Будила дурное, забытое.
— Они сестрицу мою убили. Бесчестно! — сказала мара, каплей воды стекая по бычьему боку. Коснулись ноги ее праха, но не потревожили.
Легче воздуха мара-сноходица.
Жадна мара. Высосет досуха, заберет и первый крик младенческий, и первый шаг, и первую боль, а с нею — первую же радость. Отравит светлое, разбавит темное, смешает все до серости сытой. И ее же вытянет.
Проснется человек и сам не поймет, что же с ним приключилось такого, откуда эта пустота нутряная. Будет метаться из гнева в радость, из радости в страх, заполняя опустевший души бочонок, чтобы было чем маре полакомиться.

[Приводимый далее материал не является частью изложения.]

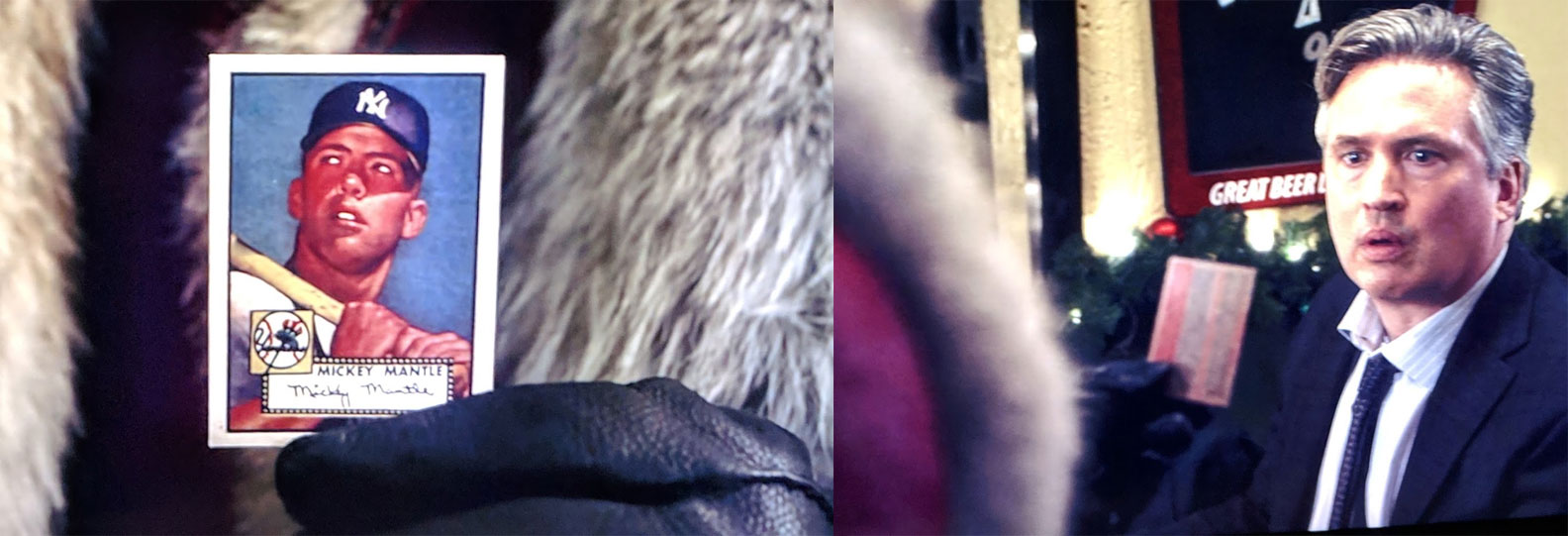 The Christmas Chronicles (2018 film) - This Netflix original holiday movie starring Kurt Russell follows a brother and sister who, after accidentally crashing Santa Claus' sleigh, must save Christmas. At one point, Santa offers a guy a mint '52 Topps Mantle in exchange for his Porsche. The guy seems totally into the deal, but his mean wife takes the card and rips it in half, believing Santa to be just a crazy guy. The card used (thankfully) seems to be an obvious reprint.

Она же станет возвращаться снова и снова, пока в конец не заездит несчастного. Лишь лапландская ведьма способна мару отвадить. Явится она в санях, белыми оленями запряженных, пройдет к очагу, сядет у огня и будет сидеть, нема и бездвижна. Зато бубен ее толстошкурый говорить станет. Загудит он, взывая к Маддар-акко, жизнь породившей, и попятится мара к порогу.
Сама не заметит, как переступит через зерно и омелу, через ясеневую ветвь и темную землю, из йамби-аимо, мира запредельного, принесенную.
За порогом окажется, разозлится, взвоет, но не слышен будет вой ее за голосом бубна. Замечется мара, пытаясь вернуться в дом, но не найдет прежнего пути.
Ведьма же, бубен отпустив, измажет больного теплым нерпячьим жиром, положит в изголовье череп кошачий, а в ногах — вороньи перья, поставит на живот свежую собачью голову, сама же на пол сядет, бормоча заговоры.
Но и она, знающая, видевшая миры разные, творившая равно белую волшбу и черный сейд, не сумеет изничтожить мару. Разве что расскажет, как выткать на кроснах веревки из волос луны, а из веревок сети сделать. Сама и поляну отыщет, такую, чтобы лысиной гляделось, и только грибы поганые на ней росли. Возьмет кочета белого и кочета черного, пустит кровь куриную на камень, и велит поляну сетями окружить. Слетятся на кровь мары, будут плясать, примерять пух да перо, попадутся в сети. А там уж охотники чистым железом да огнем нечисть выбьют…
Только так, чтобы не было маре надежды улететь, ускользнуть туманом, рассыпаться снегом легким, безвредным. И оттого удивительно сказанное ею.
— Неужто убили? — Брунмиги все ж отошел, не доверяя себе самому.
— Представь себе. И кто? Мальчишка, который себя не помнит. А я бы помогла ему вспомнить… я умею вспоминать.
Она облизала темные, черниковые губы.
— Не приближайся?
— Боишься, маленький братец? При такой-то охране и боишься…
Драугр вертел головой, кидая взгляды то на Брунмиги, то на мару, которая вновь поплыла, обличье меняя. Ужалась, усохлась, сделавшись детенышем человечьим. Крошка-крошечка в два альна росточком, белое платьице и белые ленты в темных волосах. Нос курносенький, бровки в разлет, губки поджаты капризно, только глаза остались прежними.